Or, apparently not. Because as it turns out, she just released (quietly) her sixth album, called Funstyle. Suffice it to say, the reviews are not that kind:
Sometime over the Fourth of July weekend, Liz Phair's site announced the digital availability of her sixth album, which nobody knew was coming. The track streaming at her site, "Bollywood", is bhangra-rap about how she ended up doing TV scores out of broke desperation, featuring a bunch of "funny" pitch-altered voices imitating music-biz gladhanders ripping her off. It's one of Funstyle's four key tracks, all in a similar prefab-beats-and-wacky-voices vein; another is "U Hate It", a patchwork thing (with fake Prince harmonies) about how much everybody's going to think her record sucks, unless it's a hit, in which case they'll pretend they all loved her in the first place and her success was their doing. Its refrain goes, "I think I'm a genius/ You're being a peni-us... colada, that is."I got to say, that's pretty severe, but also well written enough that it makes me know, with an incredibly high degree of certainty, that I want no part of this album.

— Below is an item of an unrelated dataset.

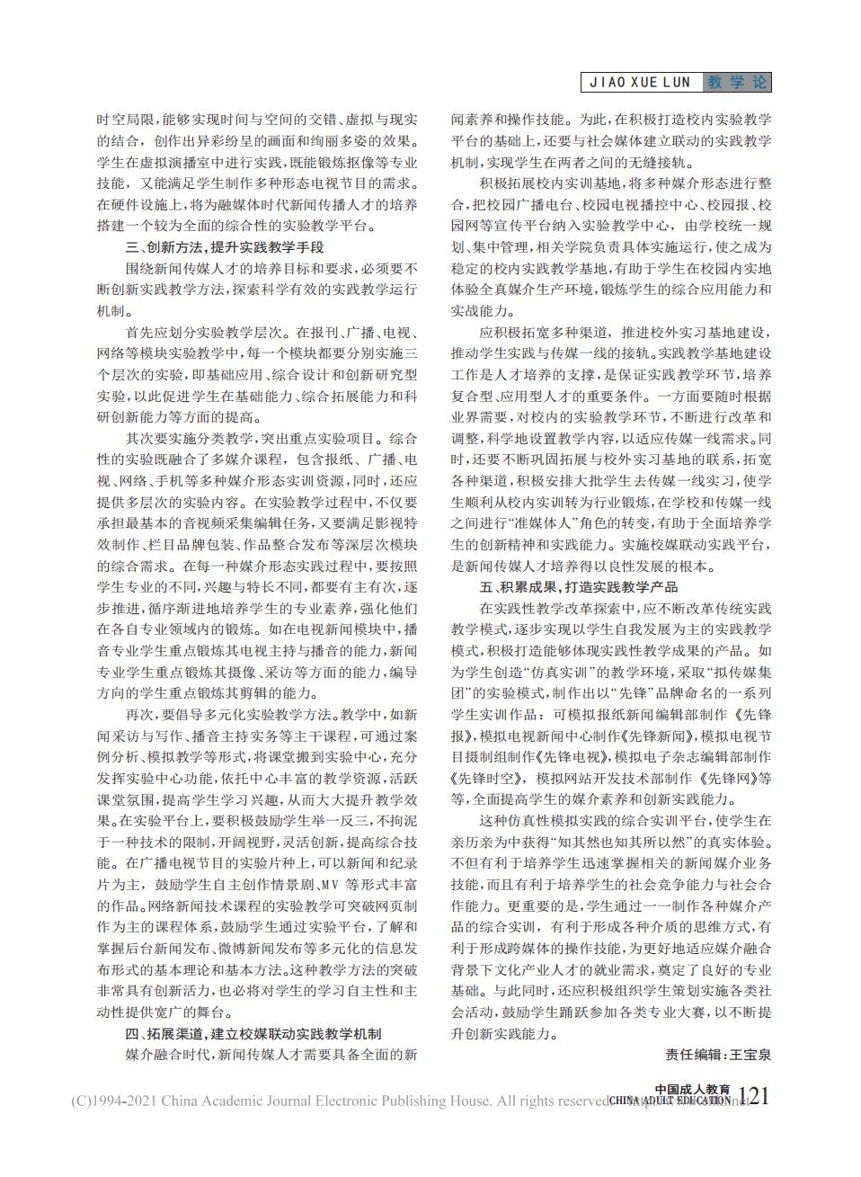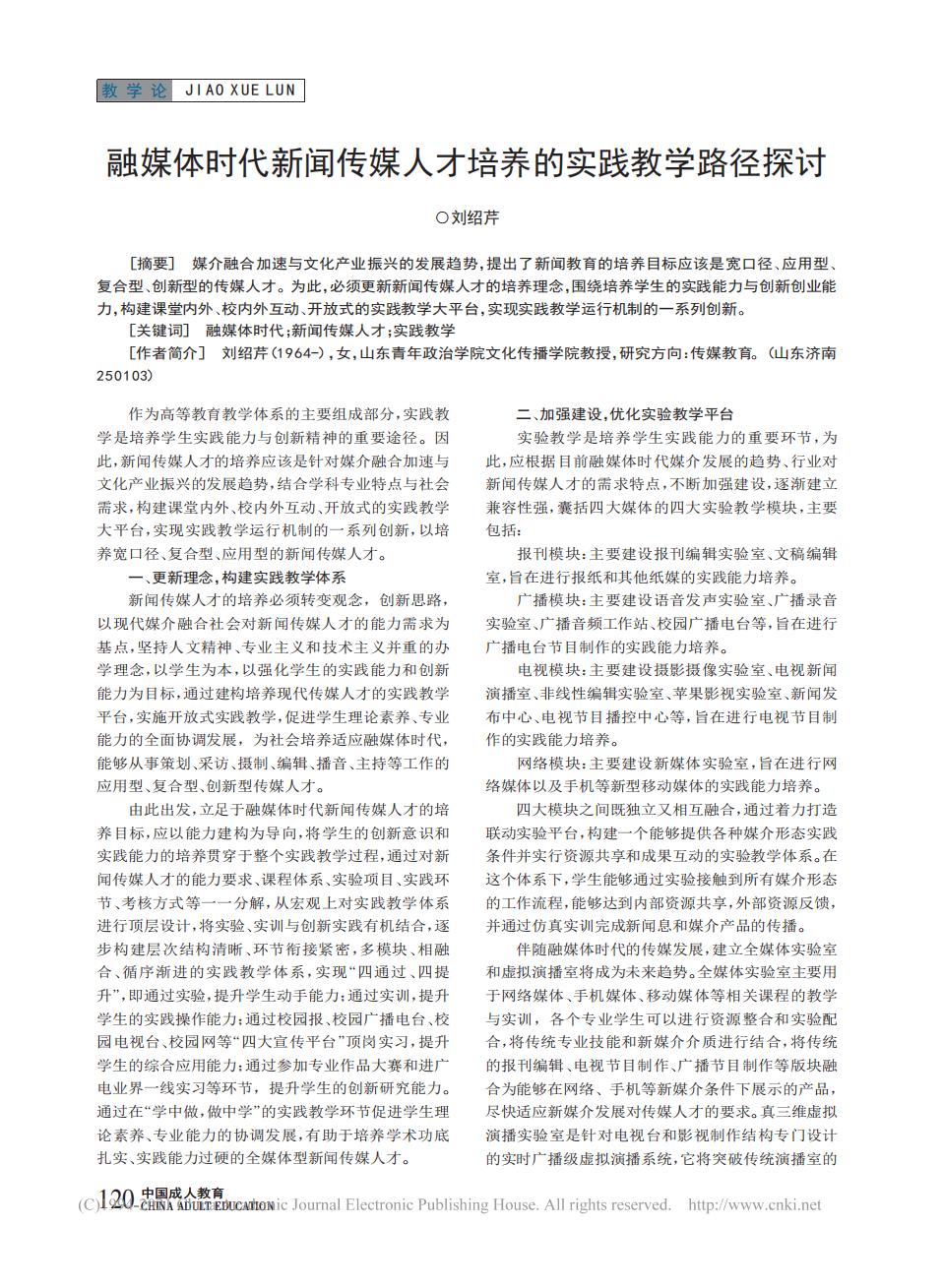 论文:《融媒体时代新闻传媒人才培养的实践教学路径探讨》

Two things are immediately evident about those four songs. One is that they're horrible on just about every conceivable level, and there's no way Phair can't know it (psst: "U Hate It"!). The other is that they are not the particular flavors of horrible anybody would ever have guessed Phair would perpetrate. The sub-Jewel alt-country move? Sure. The pro forma kid-music album? It's plausible. Suppressing her unique songwriting gifts to sound like a lesser Sheryl Crow clone? She's kind of done that already. But this? This is Phair razing her image to the ground: spitting at anyone who thinks they know who "Liz Phair" is, or expects her to make Guyville VI: The Return of the Exile. The only comparable album that comes to mind is Bob Dylan's 1970 double-middle-finger double-LP Self Portrait, on which he successfully alienated the audience that had been paying too much attention to him.
On the other hand, I think I just might pull up Guyville shortly and reminisce about what once was, and what could have been.